MUMBAI: The expected surge in voter turnout that analysts and the media had forecast as a reaction to the November 26 terror attacks that struck South Mumbai did not materialise on Thursday with the turnout here falling below that of the last general election.

The South Mumbai constituency on Thursday recorded a voter turnout of 43.33 per cent.

In 2004, South and South Central Mumbai, which were merged after delimitation into the current South Mumbai constituency, together recorded a turnout of 46.97 per cent.

Thursday’s polling indicated that terrorism was not the defining issue for Mumbai voters this election as had often been suggested after the November attacks, political analysts said.

The figures also suggested that the turnout among the middle-class and upper middle-class voters in the elite neighbourhoods of terror-struck Colaba, Malabar Hill and Cuffe Parade recorded a significant drop from the last general election, with voters in the relatively poorer areas of Byculla, Sewri and Worli included in the constituency after delimitation expected to have propped up much of Thursday’s voting.

“If terror was a defining issue for changing the pattern of governance we would have certainly seen a higher turnout,” said B. Venkatesh Kumar, a political analyst at Mumbai University.

He said the low turnout would benefit the incumbent, Milind Deora of the Congress.

Mr.
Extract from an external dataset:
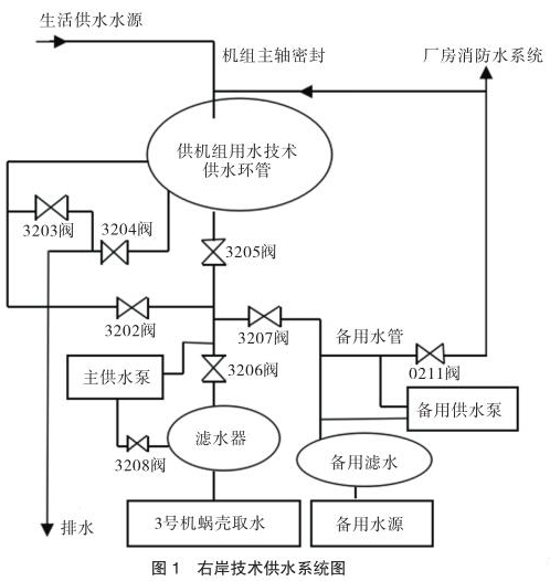 大化電廠技術(shù)供水包括右岸和左岸供水,本文以右岸 3 號(hào)機(jī)技術(shù)供水系統(tǒng)增設(shè)帶現(xiàn)場顯示燃油流量表技術(shù)改造方案為例進(jìn)行分析說明。右岸技術(shù)供水系統(tǒng)(見圖 1)由各機(jī)組單元蝸殼取水主水源、濾水器、主供水泵、正反向切換閥(3202 閥與 3204 閥開為反向取水,3203 閥與 3205閥開為正向取水,運(yùn)行時(shí)只開其中一種)、備用水源、備用濾水器、備用供水泵和備用總水管構(gòu)成一個(gè)整體,并通過 0211 閥與廠房消防水系統(tǒng)相連接,可通過主水源自流供水、主水源水泵增壓供水、備用水源自流供水、備用水源水泵增壓供水等不同供水方式向機(jī)組推力軸承冷卻器和發(fā)導(dǎo)軸承冷卻器、水導(dǎo)軸承冷卻器、發(fā)電機(jī)空氣冷卻器提供冷卻水源。機(jī)組技術(shù)供水正常運(yùn)行采用單元蝸殼取水的供水方式運(yùn)行,以備用水源供水為輔。機(jī)組主軸密封用水分別取自生活供水水源和技術(shù)供水備用總管水源,向機(jī)組大軸提供可調(diào)水壓端面密封水源。在現(xiàn)場配置一個(gè)技術(shù)供水現(xiàn)地單元柜,實(shí)現(xiàn)對(duì)機(jī)組技術(shù)供水系統(tǒng)設(shè)備自動(dòng)控制、故障保護(hù)及報(bào)警。柜內(nèi)配置可編程 PLC 控制系統(tǒng),電控柜對(duì)主供增壓泵、3202 至 3208 電動(dòng)碟閥進(jìn)行流程控制。

Deora’s challengers include Mohan Rawale of the Shiv Sena, Bala Nandgaonkar of the Maharashtra Navnirman Sena and independent candidate Meera Sanyal. Mr. Rawle is expected to put up a close fight.

Several voters The Hindu interviewed said economic development was their main concern, and they did not see security as a partisan issue. Sahil Kadaki, 28, a resident of Malabar Hill, said terror wasn’t an electoral issue because “no party seems to be different in any way when it comes to security.”